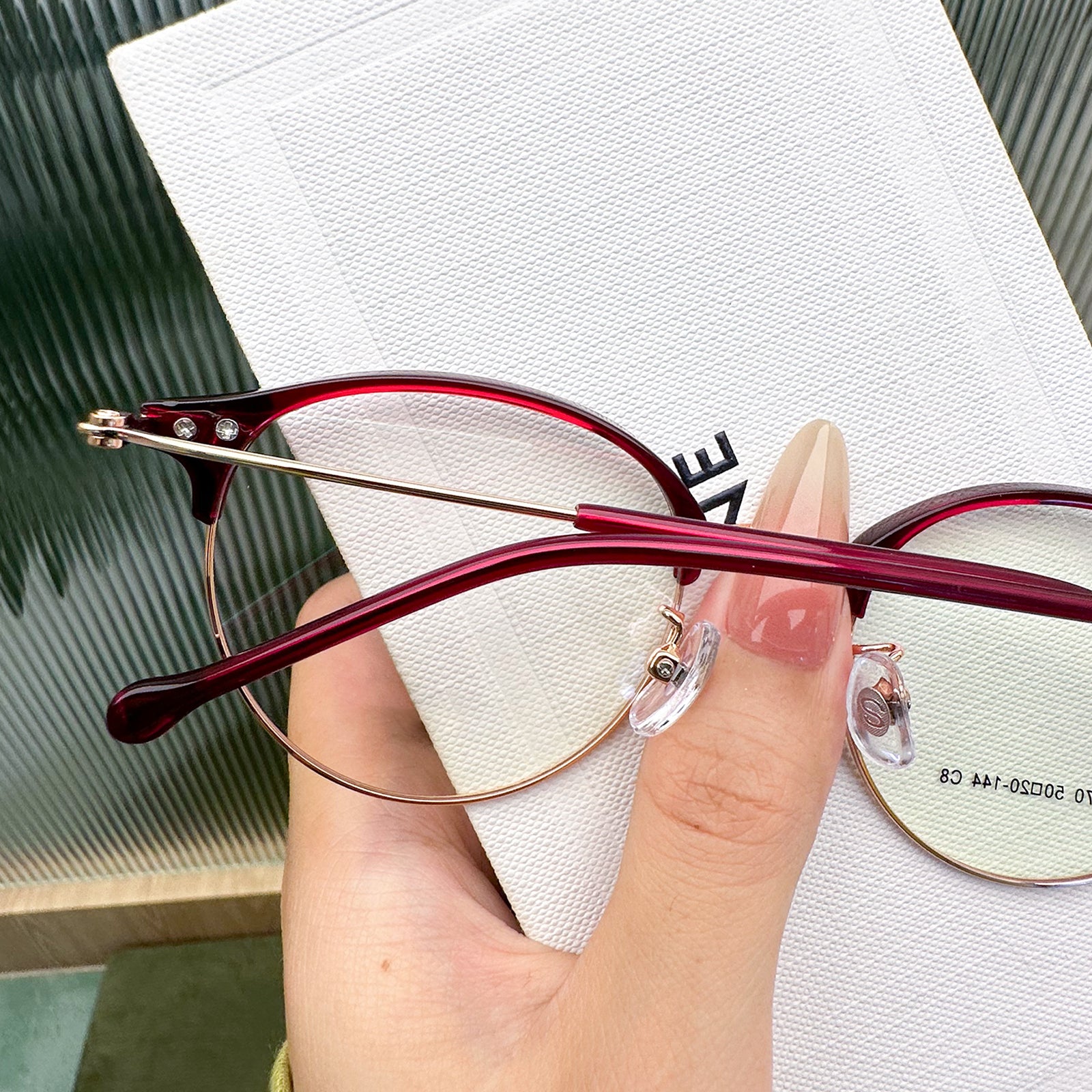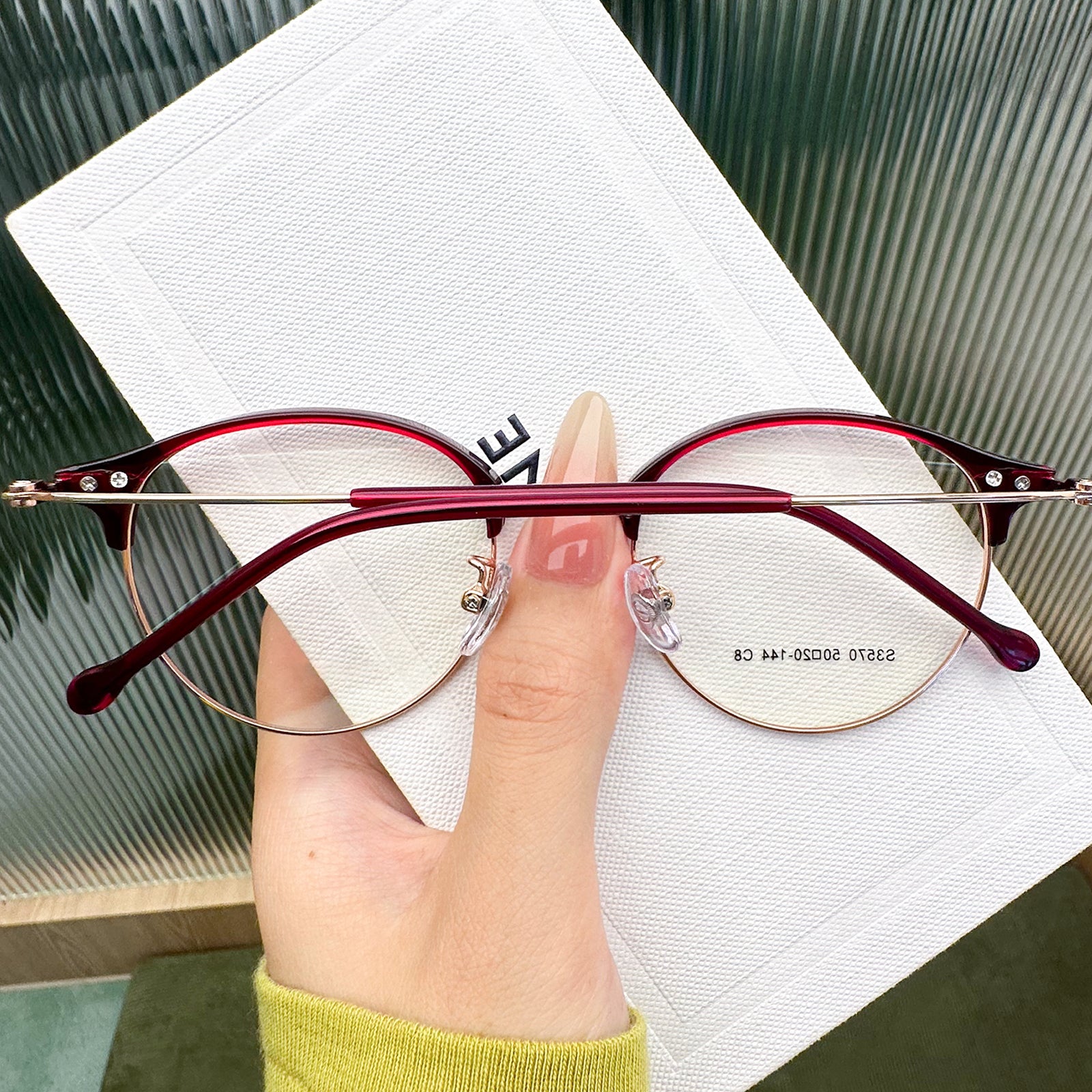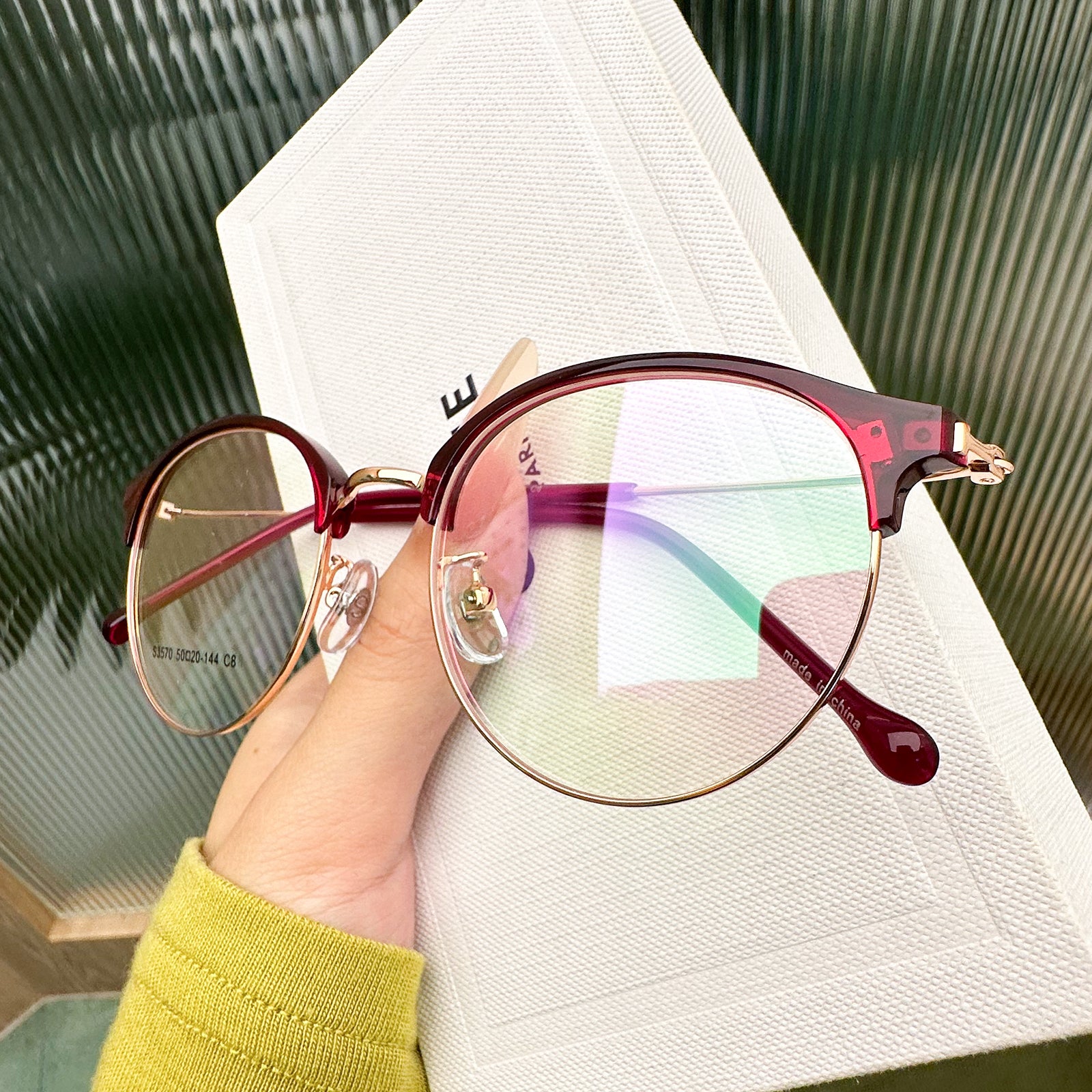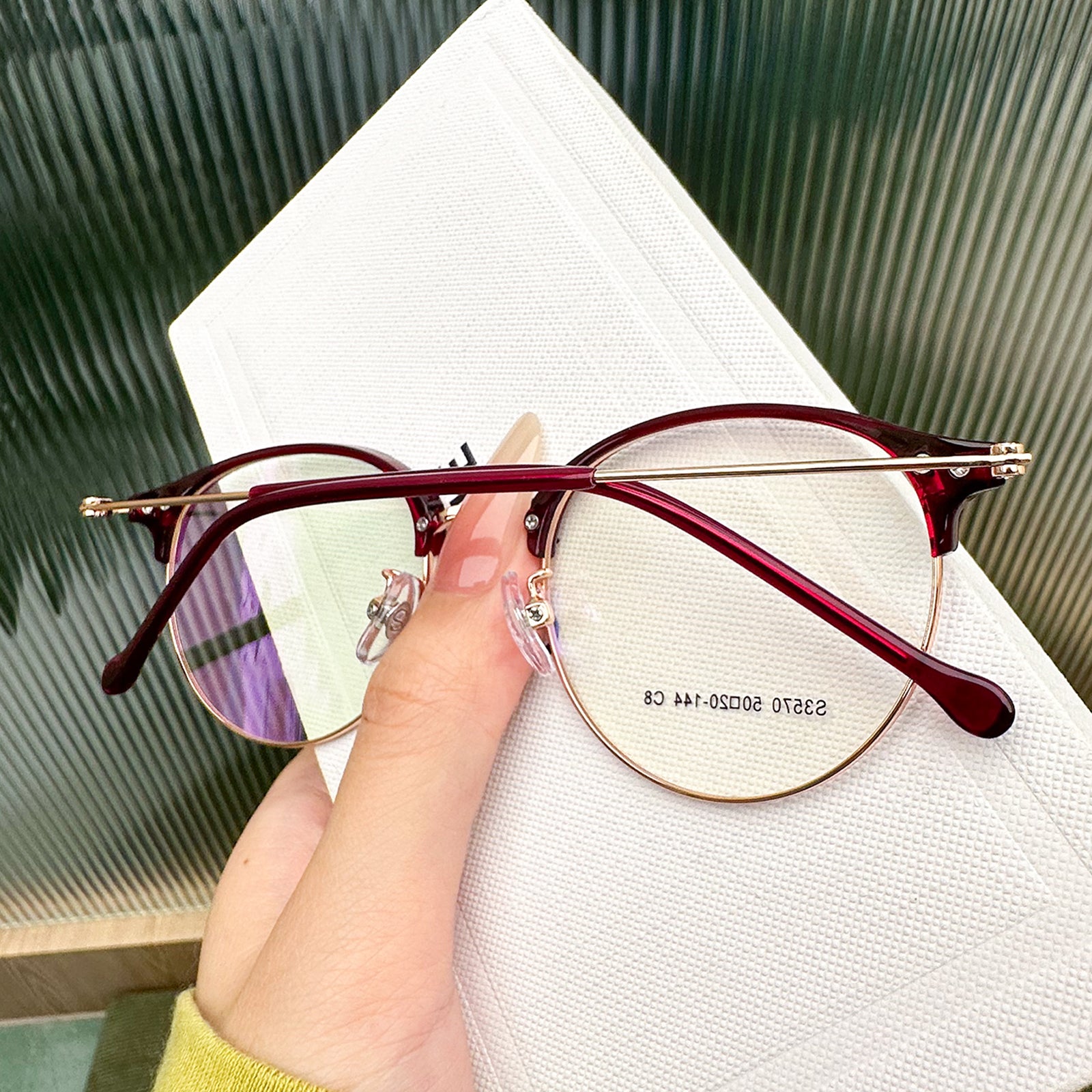 Red leopard-print half-rim metal glasses, the perfect blend of boldness and sophistication. Designed for the confident business lady, these frames add a touch of fierce elegance while maintaining a professional and polished look.
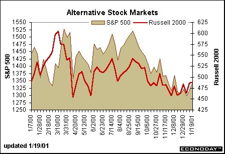 Despite warnings of poor earnings performance among many industries, the NASDAQ composite managed to post pretty good gains for the second straight week. On Tuesday, the composite index dipped slightly but solid gains were posted on Wednesday and Thursday. In contrast, the Dow Jones performance has been choppier since the beginning of the year. Except for a couple of days surrounding the Fed's surprise rate cut, the Dow Jones Industrials have traded below year-end (December 29, 2000) levels through the first three weeks this year. It has also fallen behind other major indexes besides the NASDAQ, including the S&P 500 and Russell 2000.
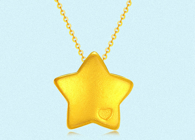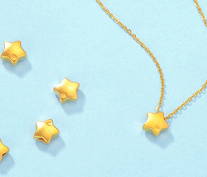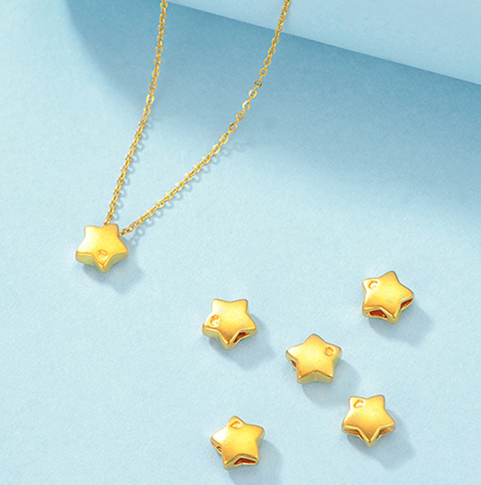 Gold pendant necklace 3d hard gold five-pointed star gold 999 pendant small transfer bead necklace
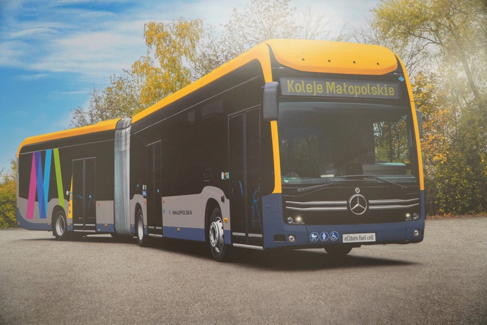 Do floty Kolei Małopolskich dołączą trzy autobusy 12-metrowe z 35 miejscami siedzącymi oraz dwa przegubowe, 18-metrowe, z 47 miejscami. Pojazdy łączą napęd elektryczny z ogniwem paliwowym wykorzystującym wodór, co pozwala uzyskać zasięg do 600 kilometrów na jednym tankowaniu.
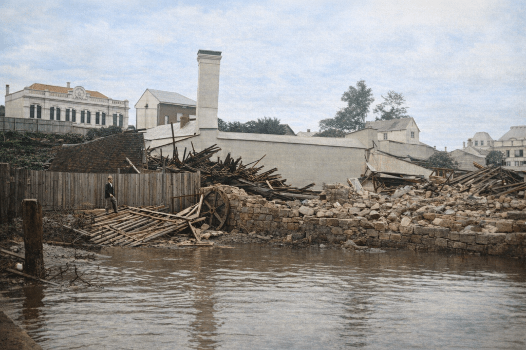 Sawmills were part of the lifeblood of a growing colonial town. The best-known sawmill in Brisbane was Pettigrew’s. William Pettigrew established a wharf and steam sawmill in early Brisbane, in the very heart of town, then expanded to major port towns all over Queensland. Pettigrew’s Brisbane sawmill burned down in 1855, was rebuilt, burned down again in 1874, was rebuilt, and then suffered calamitous damage in the 1893 and 1898 floods. The last flood was the final blow to Pettigrew’s enterprise, and he went insolvent that year.
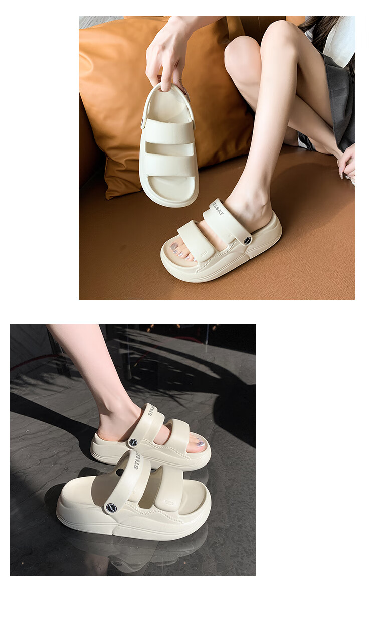 星期六【增高6公分】洞洞鞋踩屎感软底夏季2025新款舒适防滑百搭女凉鞋 乳白 37

= = = = =

• _What you should do_: Take the lines from the one that contains "Sawmills were part" through the last line of the material above and reproduce them exactly, leaving out any pictures.

• _Exercise response_:
 Sawmills were part of the lifeblood of a growing colonial town. The best-known sawmill in Brisbane was Pettigrew’s. William Pettigrew established a wharf and steam sawmill in early Brisbane, in the very heart of town, then expanded to major port towns all over Queensland. Pettigrew’s Brisbane sawmill burned down in 1855, was rebuilt, burned down again in 1874, was rebuilt, and then suffered calamitous damage in the 1893 and 1898 floods. The last flood was the final blow to Pettigrew’s enterprise, and he went insolvent that year.
 星期六【增高6公分】洞洞鞋踩屎感软底夏季2025新款舒适防滑百搭女凉鞋 乳白 37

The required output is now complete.